In the literature, RABL2, a member of the RAS GTPase superfamily, has been described to play a role in the mouse sperm intra-flagellar transport and the tail assembly [32]. Its location is restricted to the midpiece, like TEX44. However, a mutation in a critical protein–protein interaction domain in a mouse line model resulted in male sterility with decreased sperm output and severe motility defects but with normal sperm morphology.

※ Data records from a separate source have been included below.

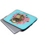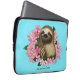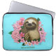 Uma preguiça bonita sentada entre flores cor-de-rosa contra um pano de fundo azul.
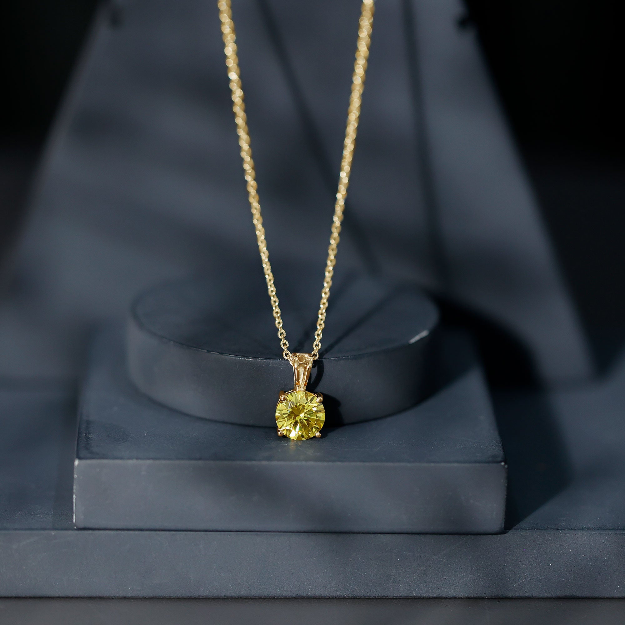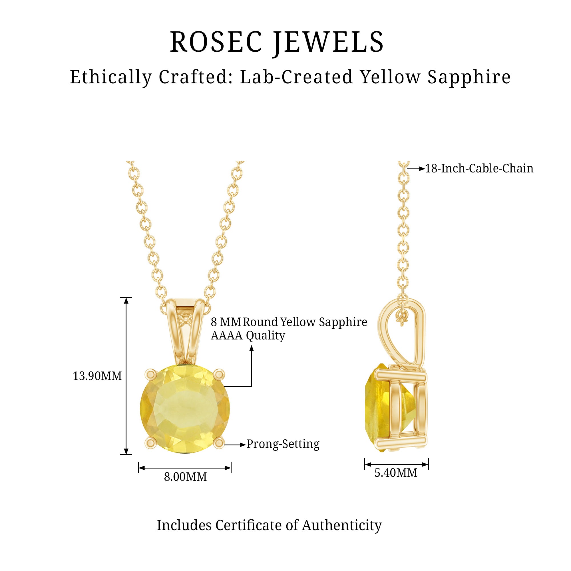 Lab Grown 8 MM Yellow Sapphire Solitaire Pendant with Chain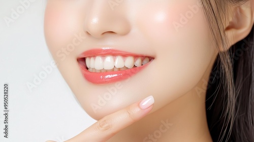 © K-MookPan, Fototapeta premium Close-up of a smiling woman showcasing her perfect teeth and radiant skin, highlighting beauty and confidence.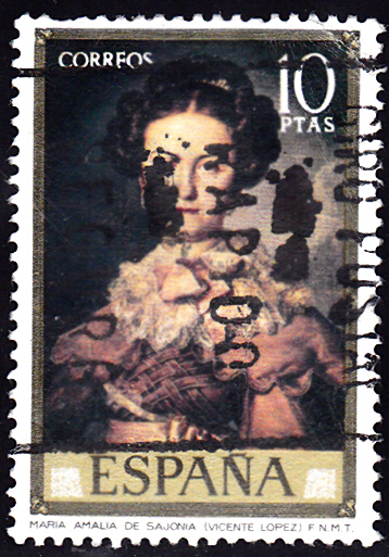 Zum Tag der Briefmarke 1973 ist in Spanien in einer Briefmarkenserie mit Gemälden von Vicente López Portaña diese Marke zu 10 PTAS (MiNr 2047) mit einem Porträt von Maria Amalia von Sachsen (1724-1760) von Vicente López Portaña erschienen.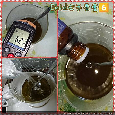 4.蜂蠟融化後,測一下溫度約70℃左右,倒入薄荷腦攪拌到溶化後,這溫度就降到約62℃,接著倒入有機茶樹精油2g&有機胡椒薄荷精油2g,再攪一攪混合均勻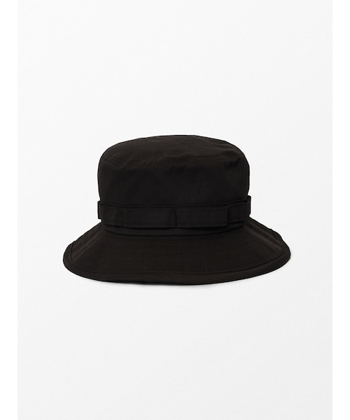 ■紐付きのハット。CORDURAの生地を使用した、タフでソフトな素材感が特徴のアイテムです。つば先にワイヤーを通すことで、自由に形を作ることが可能。ドローコード調節によるフリーサイズとなっています。
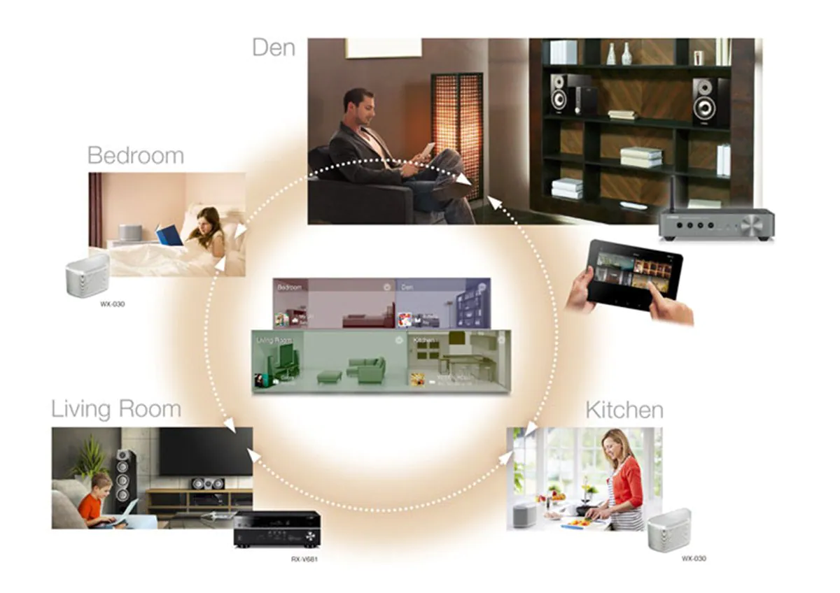 Redați aceeași melodie în mai multe camere sau redați melodii diferite în fiecare cameră. Cu MusicCast, bucurați-vă liber de muzica pe care o iubiți oriunde în casa dvs.

Knowing that no specific antibodies against TEX44 are available in mice we however had a look at the human protein expression and localization. After validating an antibody in Western blot in COS-7 transfected cells, we could confirm TEX44 expression in human sperm extracts. In order to localize the protein, we performed some immunofluorescence assays by classical and super-resolution (STED) approaches. TEX44 appeared to be localized on the post-acrosomal region of the sperm head and the midpiece of the sperm flagellum. In fact, TEX44 seems to encompass the mitochondrial sheath of the midpiece in a spiral-like conformation. Interestingly, looking at the STRING database (https://string-db.org/), TEX44 is described as interacting with human TIMM17B, CPT1B [33, 34], and MICOS13 proteins (Detected by validated two-hybrid assay). These three proteins are respectively expressed in the inner, the outer, and the cristae mitochondrial membrane. However, it is not clear if TEX44 is a mitochondrial protein (and in which section of the organite) or if it is surrounding. Imaging by super-resolution rather suggested a structural role around the midpiece mitochondrial sheath. The decrease of mitochondrial activity observed in the Tex44-KO and detected by the MitoTracker probe could rather be an indirect consequence of an abnormal setup of the mitochondrial network. It is interesting to notice that the CABS1 protein mentioned above has been detected in the mitochondrial inner membrane in rat sperm [35]. The KO of the Gk2 and Gykl1 genes, coding for mitochondrial proteins specifically expressed in spermatids, show some similarities of phenotype: flagellum bending and some disorganization of the mitochondrial sheath [36]. The mitochondrial disorganization that we observed could be due to the absence of TEX44 if this protein is necessary to structure the mitochondrial sheath. It could also be a consequence of the perturbations that affect trans-flagellar traffic and that compromise mitochondrial maintenance. Mitochondrial dysfunction could worsen sperm mobility already jeopardized by flagellum breaking.

Though our interest in the Tex44 gene was motivated by its location within the Mafq1 interval, we consider that Tex44-KO males share few phenotypic traits with the original Rc3 IRCS line as summarized in Supplementary Table 4. Flagellar defects would have been observed in Rc3 males if TEX44 function was affected. Both Spata3 and Tex44 genes seem to have independent functions as the defects observed in both KO target different subcellular compartments and also independent regulations as both genes are above 400 kb distant and as Spata3 is correctly expressed in Tex44-KO testis and reciprocally (Fig. 2b). Nevertheless, this study allowed us to reveal a new gene important for sperm structure and function.

Conclusion

Even though the knockout of Tex44 does not really reproduce the phenotype observed in the Rc3 IRCS males (moderate hypofertility, abnormal anchoring of the acrosome to the nucleus, and persistence of residual bodies at the sperm midpiece) [7], it exhibits other alterations (flagellum defects, abnormal mitochondria). Here, we described a new gene, Tex44, that is implicated in a reproductive phenotype in mice. Taken together, our results show that Tex44 in mice is implicated in the correct set-up of the sperm flagellum during spermatogenesis and more precisely during spermiogenesis. The precise function of the TEX44 protein, its interaction with other sperm proteins, as well as its involvement in humans remain to be investigated.